Click the link Add watcher. PyCharm shows the following dialog box, where you have to specify your file watcher executable (LESS here), and select the option to generate output from stdout:

Looking at this configuration, you can easily figure out what the file watcher actually does:

  • Watches for changes on all LESS files within your project.
  • Compiles files with the extension .less into the files with the extension .css, using the compiler lessc.cmd, specified in the field Program.
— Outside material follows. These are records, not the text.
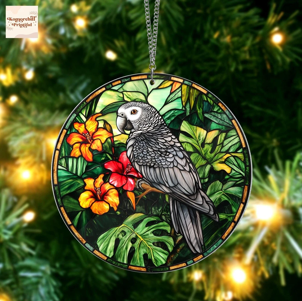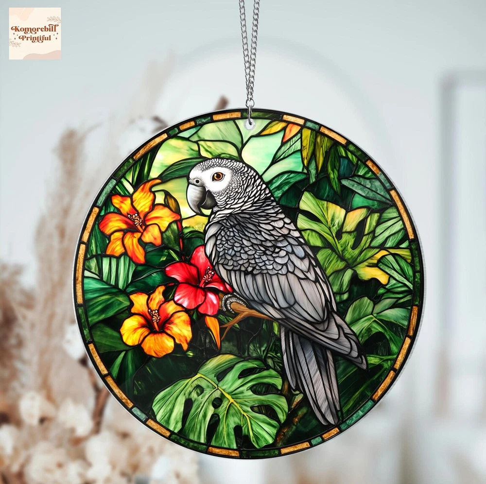 African Grey Parrot Acrylic Window Hanging Grey Parrot Wall Hanging Bird Lovers Gift Bird Nerds Birds Decoraction Home Decor Wall Decor Brighten up your space with a beautiful custom shape window hanging suncatcher. Designed to reflect light and add vibrant colors to any room, this decorative piece is the perfect addition to your space's decoration. Material: Clear acrylic sheet (3mm thick), this suncatcher offers a sleek, lightweight design that’s built to last. The acrylic adds shine and translucency. Matte frosted surface on the back of the acrylic creates a soft, translucent printing effect. As sunlight filters through, it casts colorful reflections, bringing a radiant touch to your living space. Multiple sizes for different décor needs: 3.5x3.5, 4x4, 5x5, 6x6, 8x8, 10x10, 12x12 inches - Suitable for any setting, from cozy spaces to larger windows. Its versatile size range ensures it will beautifully complement your home window, Christmas trees, office, or even outdoor spaces. Versatile Hanging Options for different sizes: Smaller sizes (3.5in, 4in, 5in): 7.5 inch (20 cm) metal chain Larger sizes (6in, 8in, 10in, 12in): an 11.8" (30cm) metal chain and a suction cup for secure attachment, perfect for windows or glass doors.
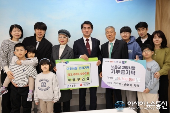 ㈜삼우건설 이국현 대표 가족, 보은군에 고향사랑기부금·이웃돕기 성금 기탁./사진제공=보은군청 [아시아뉴스통신=장하영 기자] ㈜삼우건설 이국현 대표 가족이 지난 16일 보은군청을 방문해 고향사랑기부금과 이웃돕기 성금을 기탁했다. ㈜삼우건설은 보은군 탄부면에 소재한 지역 건설업체로, 이날 .. 2026-03-17
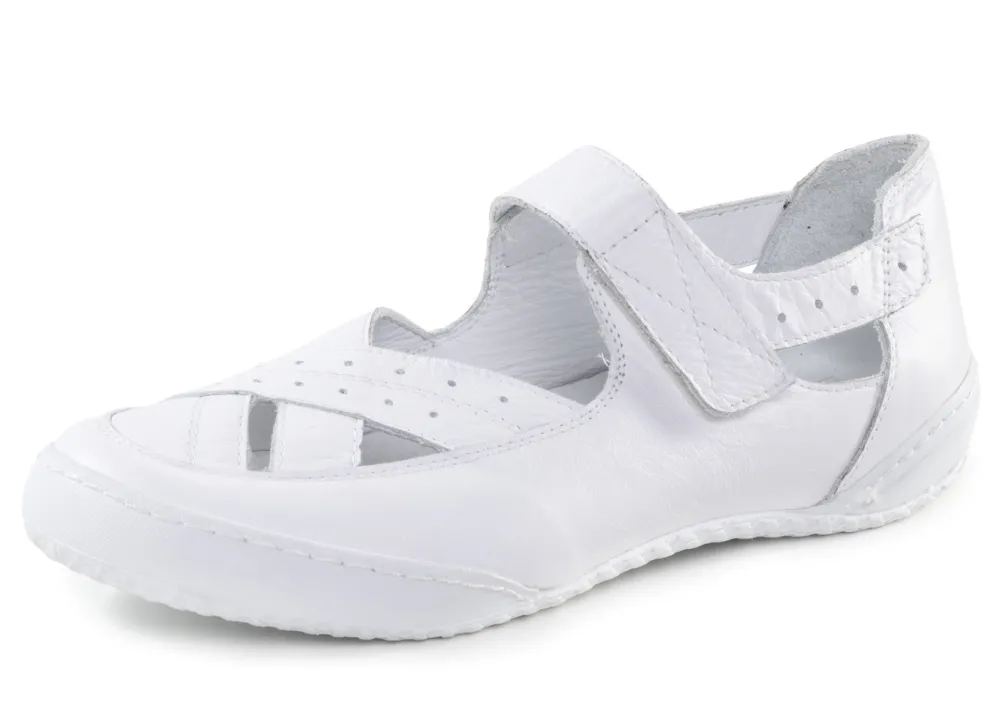Luftiger ELENA EDEN-Slipper aus weichem Nappaleder: verstellbare Klettspange, Lederfutter, herausnehmbares Lederfußbett, leichte Synthetik-Riffelsohle, 10 mm Keilabsatz
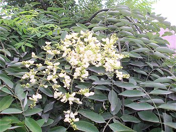 花期は7-8月で、枝先の円錐花序に細かい白色の蝶形花を多数開き、蜂などの重要な蜜源植物となっている。花の咲き方は、ややまばらに咲く。
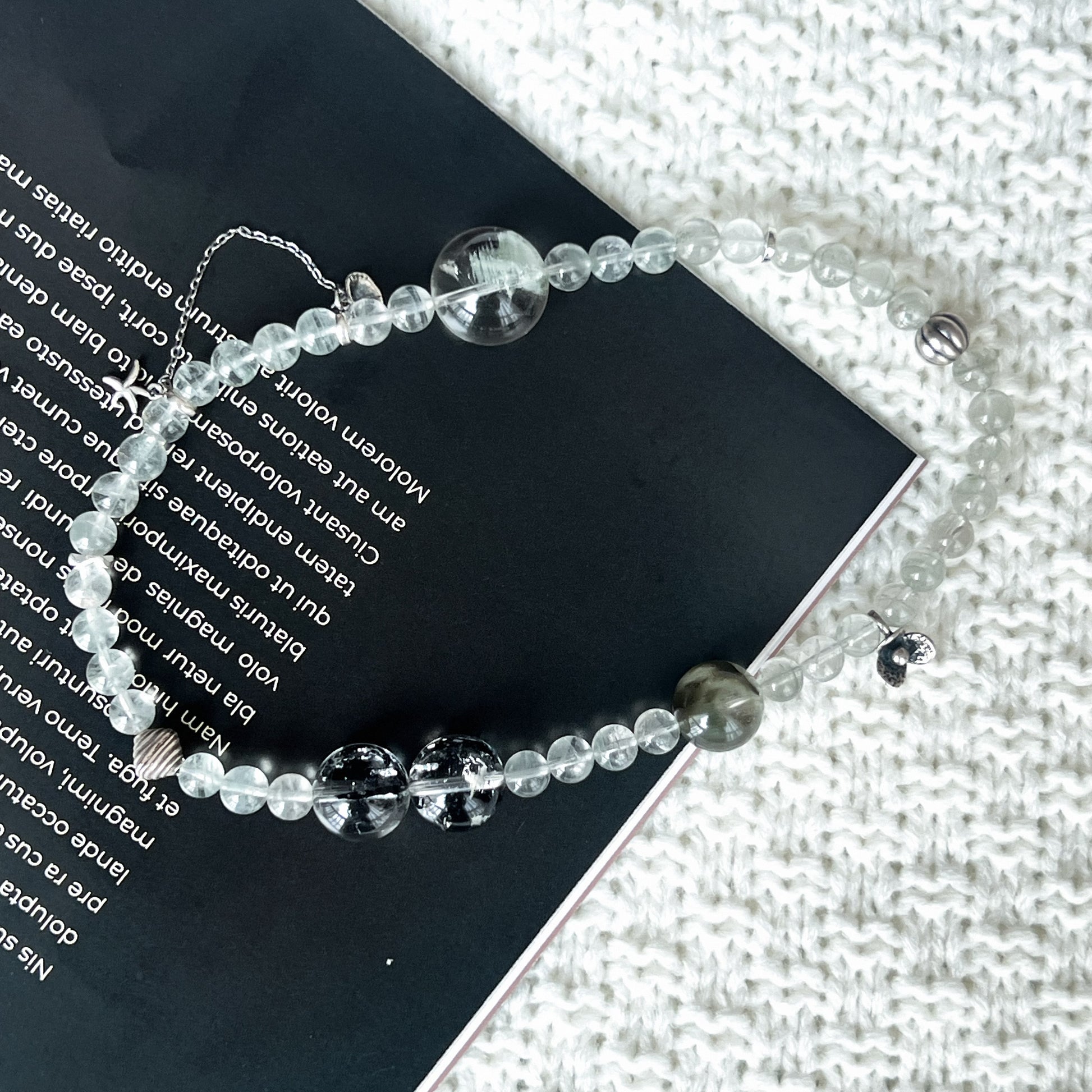 ✨ Sterling Silver Accents (Thai silver beads and charms) — Matte silver textures add depth and contrast, like threads of moonlight binding together mist and night. They enhance the design with both artisanal elegance and a sense of timeless grounding.
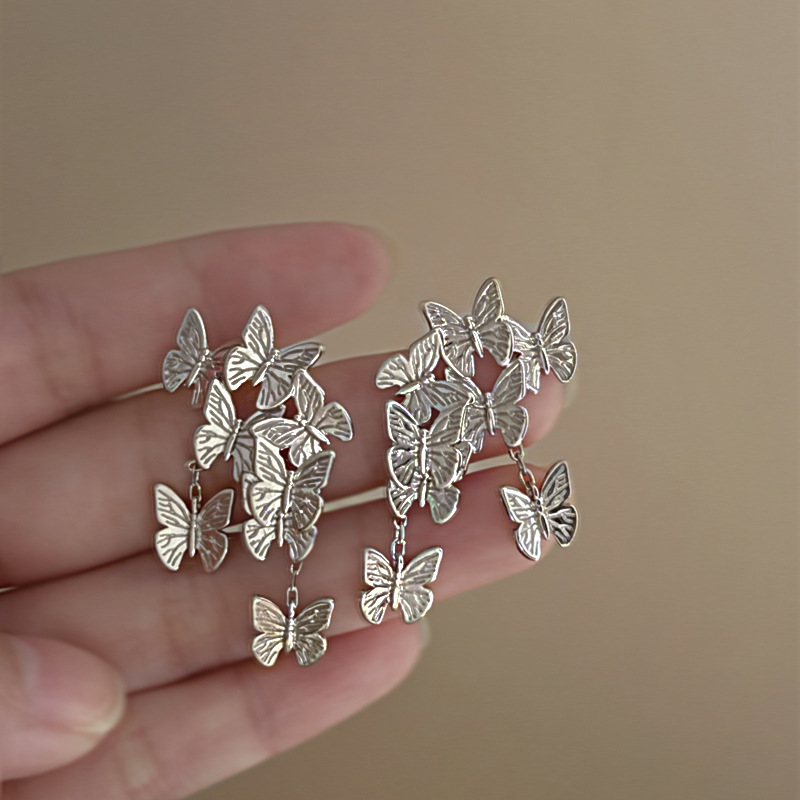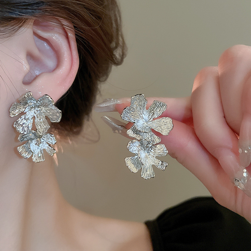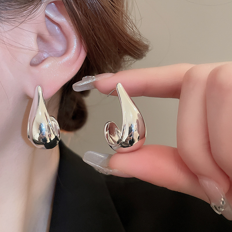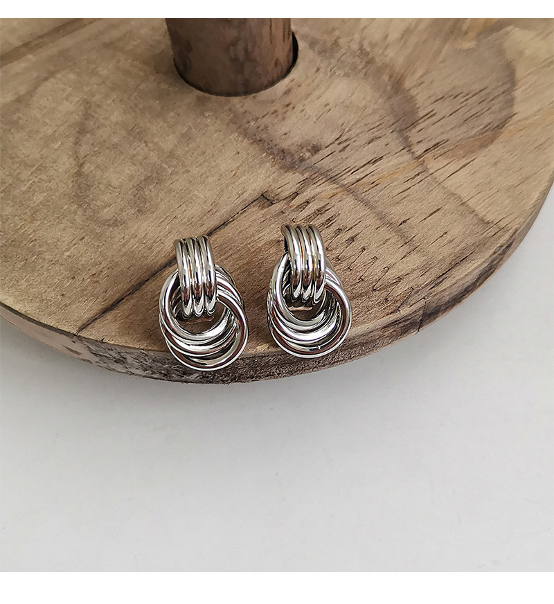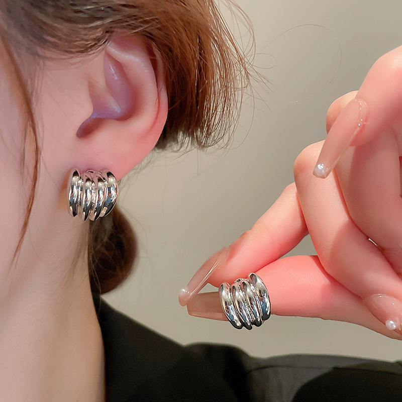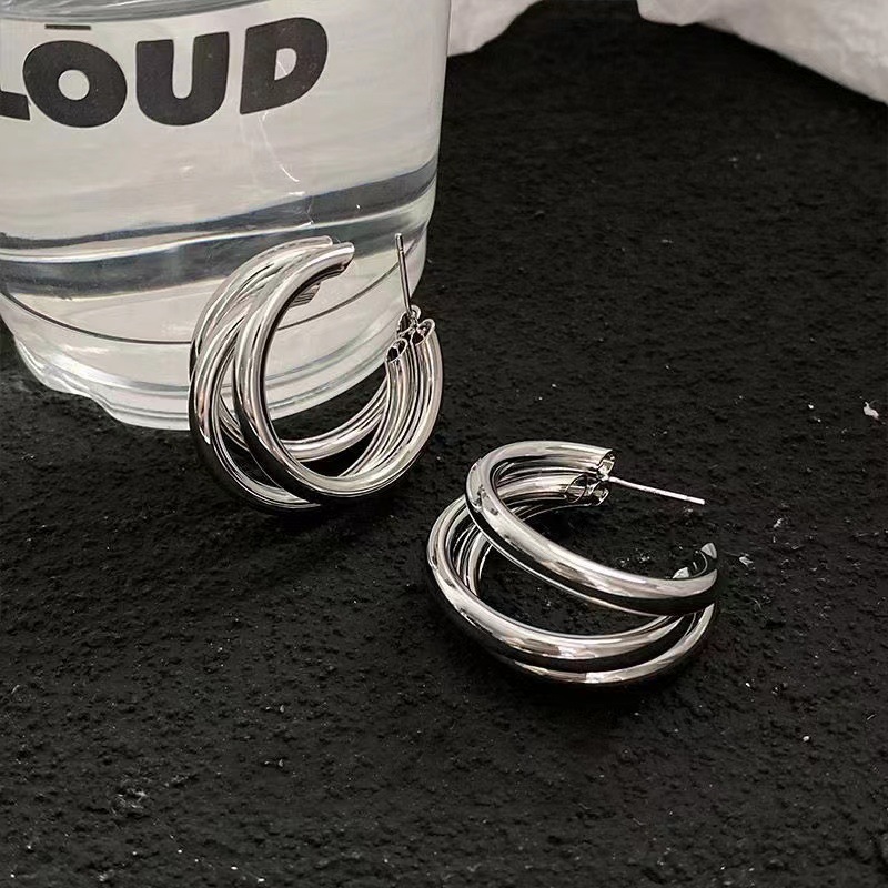 银色金属多层圆圈冷淡风耳环小众简约耳钉耳圈轻奢高级感耳饰批发

Configuring file watchers for CofeeScript

Next, open for editing a CoffeeScript file. PyCharm immediately prompts you to configure a file watcher for it:

Again, click Add watcher and specify the file watcher settings, in particular, the CoffeeScript executable:

What does this file watcher do?

  • It also tracks changes in all CoffeeScript files in your project.
  • If compiles files with the extension .coffee into the files with the extension .js, using the compiler coffee.cmd, specified in the field Program.
  • It compiles files with the extension .coffee into the files with the extension .map, using the compiler coffee.cmd, specified in the field Program.

Editing watched files

OK, here we are. Open for editing a LESS file, and change something, for example, rename the variable @myColor to @Color, and change its value. The file watcher immediately processes the changed source file, and produces an output file with the extension .css:

Next, open for editing a CoffeeScript file and change something there, for example change the value of the variable opposite. The configured file watcher generates a JavaScript file and a source mapping file:

Note that in either case PyCharm shows generated files in the Project tool window, together with the source files.

And if an error occurs?

If a command line tool executed by the File Watcher fails, PyCharm shows its output in the Run tool window:

Helpful for troubleshooting, isn't it?